Nachdem die zur Zeit der großen Depression von 1929 tonangebenden Ökonomen sich auf die Analyse einzelner Märkte beschränkt und dabei den Blick auf das volkswirtschaftliche Ganze verloren hatten, fasste Keynes als erster wieder gesamtwirtschaftliche Phänomene wie Konjunktur, Gesamtnachfrage und Gesamtangebot ins Auge. Friedman ersetzte dann bloß Keynes Hypothesen über die zwischen den verschiedenen makroökonomischen Aggregaten bestehenden Zusammenhänge durch andere Vermutungen. Er übernahm dabei aber die gesamtwirtschaftliche Betrachtungsperspektive seines großen Antipoden. Hayek dagegen wies die makroökonomische Betrachtungsweise zurück, weil sich die aus seiner Sicht allzu große Komplexität des gesamtwirtschaftlichen Beziehungsgefüges der an Gesetzmäßigkeiten und Prognosen orientierten wissenschaftlichen Analyse verschließe.

Auch Friedmans makroökonomische Hypothesen zum Geldsystem und die daraus folgenden Ratschläge für die Geldpolitik lehnte Hayek mit der Begründung ab, dass sie der tatsächlichen Komplexität der Verhältnisse nicht angemessen seien. Hayek selbst wollte die seiner Meinung nach zu bedenkenloser Verschuldung missbrauchte Monopolherrschaft des Staates über das Geld brechen und entwarf die Utopie eines Geldsystems mit einem freien Wettbewerb privat angebotener Währungen. Private Geldproduzenten sollten so viel Geld emittieren wie sie nur wollten. Solange sie im Wettbewerb mit einander stünden und solange die Bürger die von ihnen bevorzugte Währung frei wählen dürften, sei Währungsstabilität gesichert. Denn Geld sei die einzige Sache, die durch Konkurrenz nicht billiger werde, weil seine Attraktivität gerade darauf beruhe, einen stabilen Preis zu besitzen.

Hayek wurde mit dieser geldpolitischen Utopie zum Ahnvater aller aktuellen Bemühungen um die Etablierung eines Systems der Kryptowährungen. Und die brutalen Implikationen seiner Wettbewerbsideologie sind denn auch eines der Hauptargumente gegen alle einschlägigen Bemühungen. Damit sich nämlich einige wenige der (derzeit) über tausendfünfhundert (!) Kryptowährungen im Wettbewerb durchsetzen können, müssen unzählige Sparer, die dummerweise auf die falsche Kryptowährung gesetzt haben, einen mehr oder weniger großen Teil des Werts ihrer Guthaben in den Kamin schreiben. Diesen Loosern bleibt dann nur ein einziger Trost: Sie sind unverzichtbare und zentrale Akteure der auf dem Konkurrenzprinzip beruhenden Ökonomie. Denn ohne ihr Opfer kann der Wettbewerb nicht funktionieren.

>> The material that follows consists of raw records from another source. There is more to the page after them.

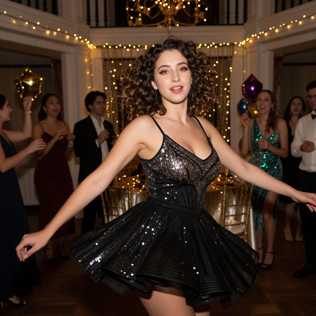 A festive birthday scene at a themed mansion event: a woman with curly brown hair and warm amber eyes is dancing in a stylish black sequin birthday dress under soft fairy lights, the dress shimmering with each movement, surrounded by friends and party decorations.. The woman has big tits and cute face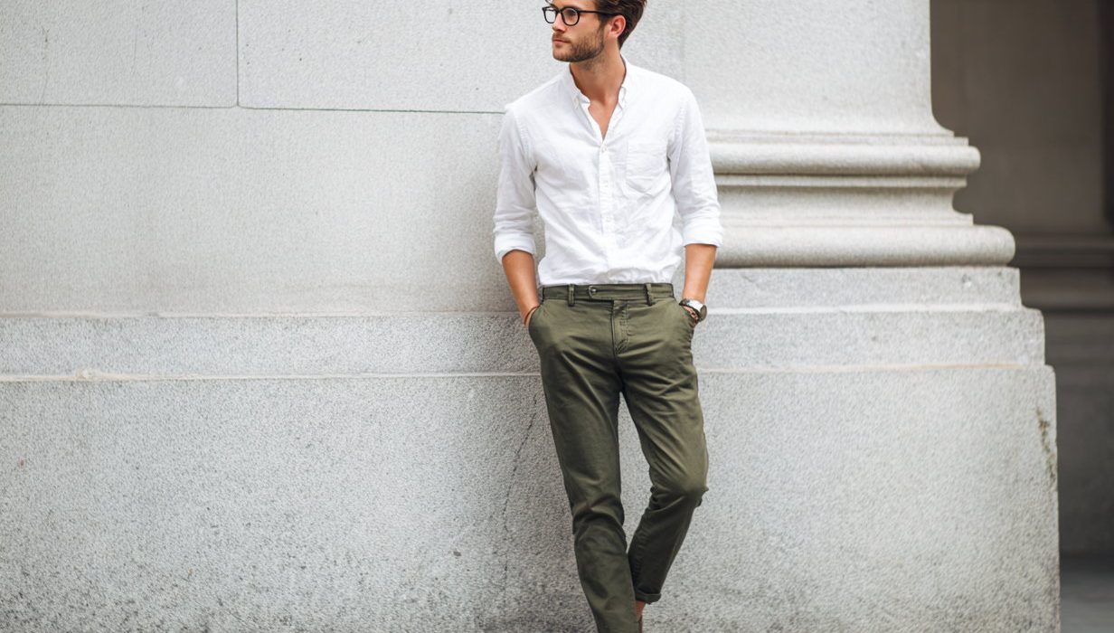 Olive linen offers a softer alternative to navy or black while maintaining a sense of utility. Pairing these trousers with a white linen shirt emphasizes the breathability of the entire ensemble.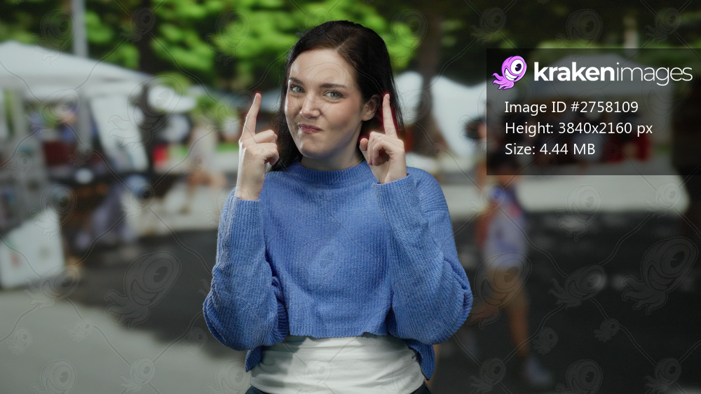 Woman outdoors in blue sweater points upward on a sunny day with market stalls in the background, expressing curiosity and focus in a vibrant street scene. - Kraken Images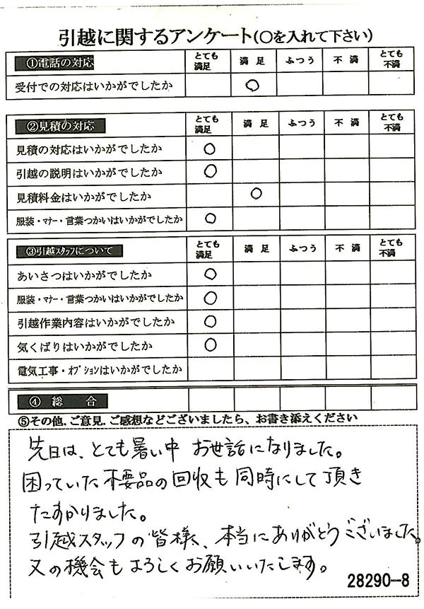 先日は、とても暑い中、お世話になりました。 困っていた不要品の回収も同時にして頂き、たすかりました。 引越スタッフの皆様、本当にありがとうございました。 又の機会もよろしくお願いいたします。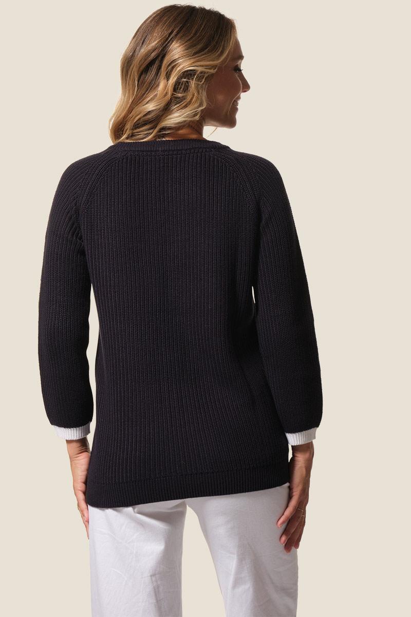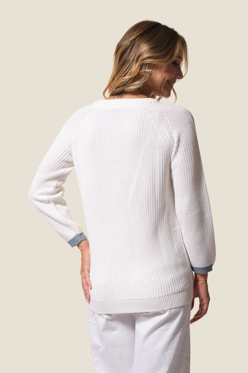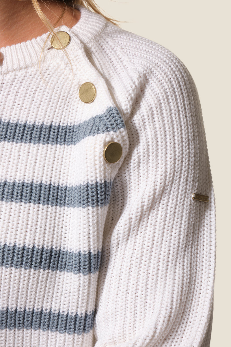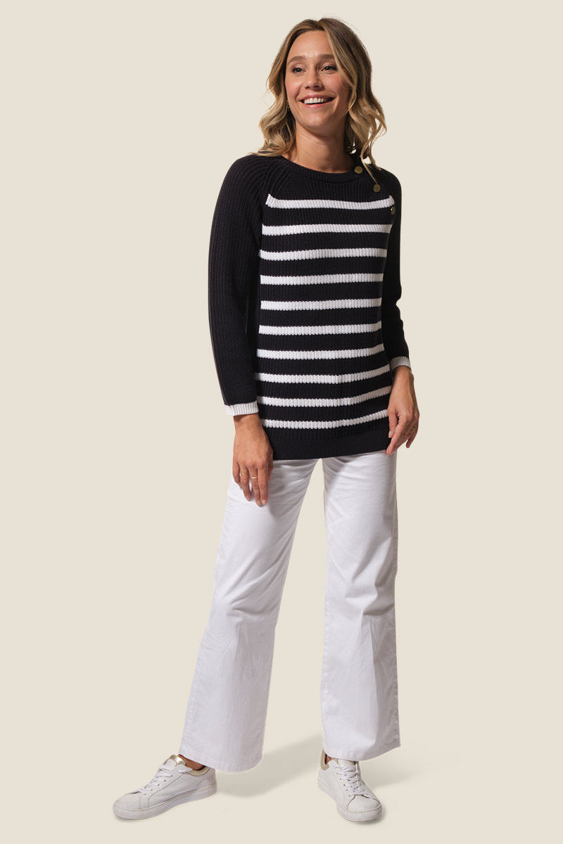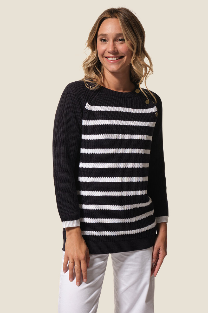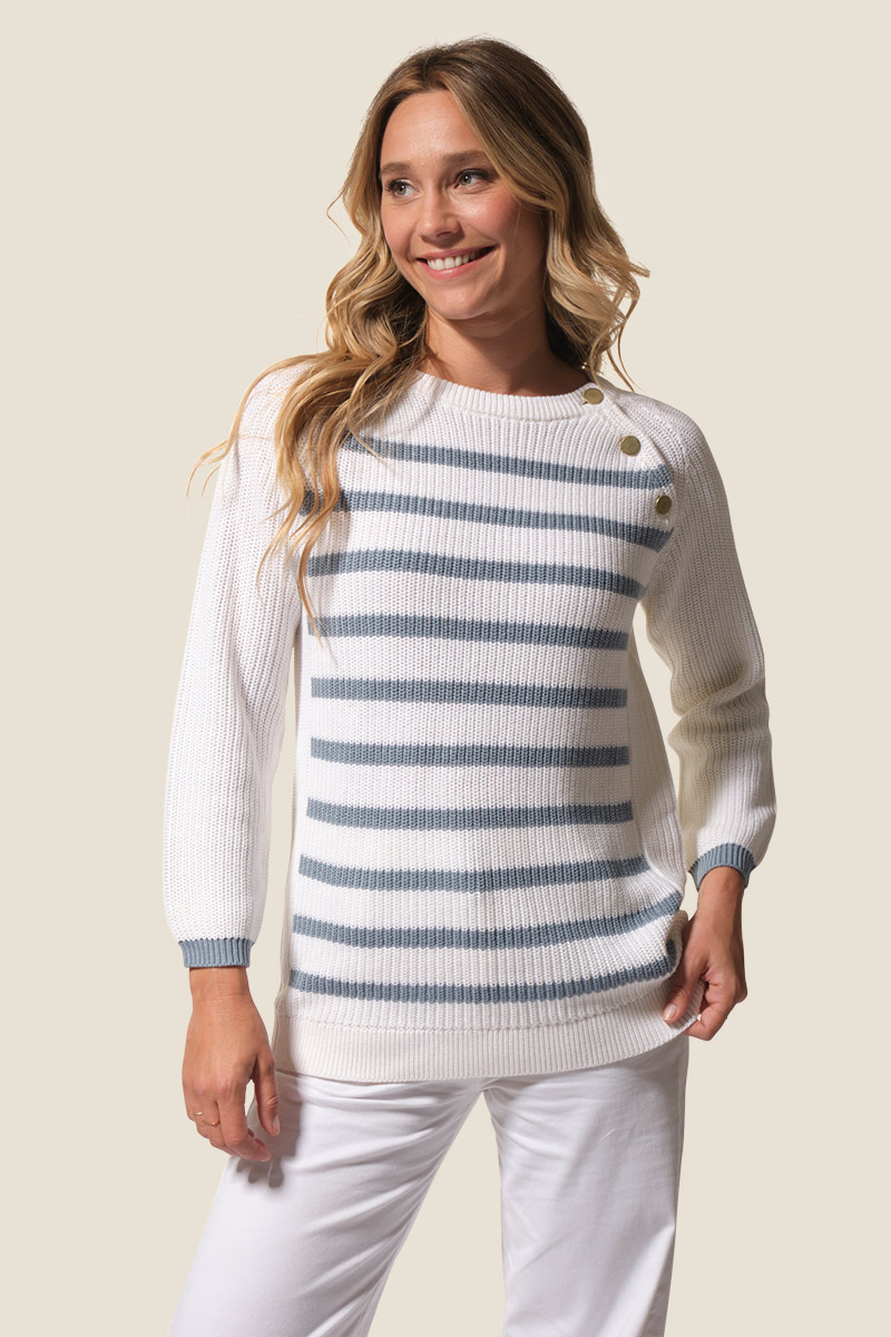 Le pull Françoise est un pull femme à la coupe droite, orné de rayures sur le devant pour un style marin élégant. Confectionné en maille côte perlée, il présente un col rond et des manches raglan 7/8ᵉ avec patte et boutons fantaisie sur le côté gauche. Une plaque logo dorée cousue sur la manche gauche signe ce modèle féminin et raffiné.

Hayek und der Corona-Schock

Der eingangs erwähnte Hayek-Adept Rahim Taghizadegan durfte jüngst im Rahmen eines ausführlichen Interviews in der Ö1-Wirtschaftssendung “Saldo” seine Sicht auf die gerade Fahrt aufnehmende Krise ausbreiten. Für ihn ist sie nur eines jener großen, im Kapitalismus periodisch zu feiernden Opferfeste: Geschürt durch unverantwortliches Schuldenmachen der öffentlichen Hände habe sich in den letzten Jahren eine “Blasenwirtschaft” etabliert, die auch ohne das Virus demnächst irgendwann geplatzt wäre. Nach der Krise werde nur übrig bleiben, was “wesentlich” ist. Das gelte in Österreich etwa für den Tourismussektor, wo es vermutlich vor allem im Bereich des Massentourismus zu entsprechenden Bereinigungen kommen werde.

Die Gegensteuerungsmöglichkeiten von Staaten, Zentralbanken und supranationalen Organisationen beurteilt Taghizadegan äußerst skeptisch. Zum einen ist für ihn in guter alter Hayek-Manier die Komplexität des Krisengeschehens so hoch, dass es durch einfache geldpolitische Maßnahmen nicht mehr steuerbar ist. Und zum andere hätten die Zentralbanken wegen ihrer bereits seit Jahren praktizierten Nullzinspolitik bereits ihr gesamtes Pulver verschossen. Auch der unter dem Motto des “Koste es, was es wolle” forcierten Staatsverschuldung kann er erwartungsgemäß nichts abgewinnen. Er sieht in ihr nur die verhängnisvolle Dynamisierung einer bereit seit Jahren in Gang befindlichen Entwicklung, welche er als “Monetarisierung der Staatsschuld” bezeichnet.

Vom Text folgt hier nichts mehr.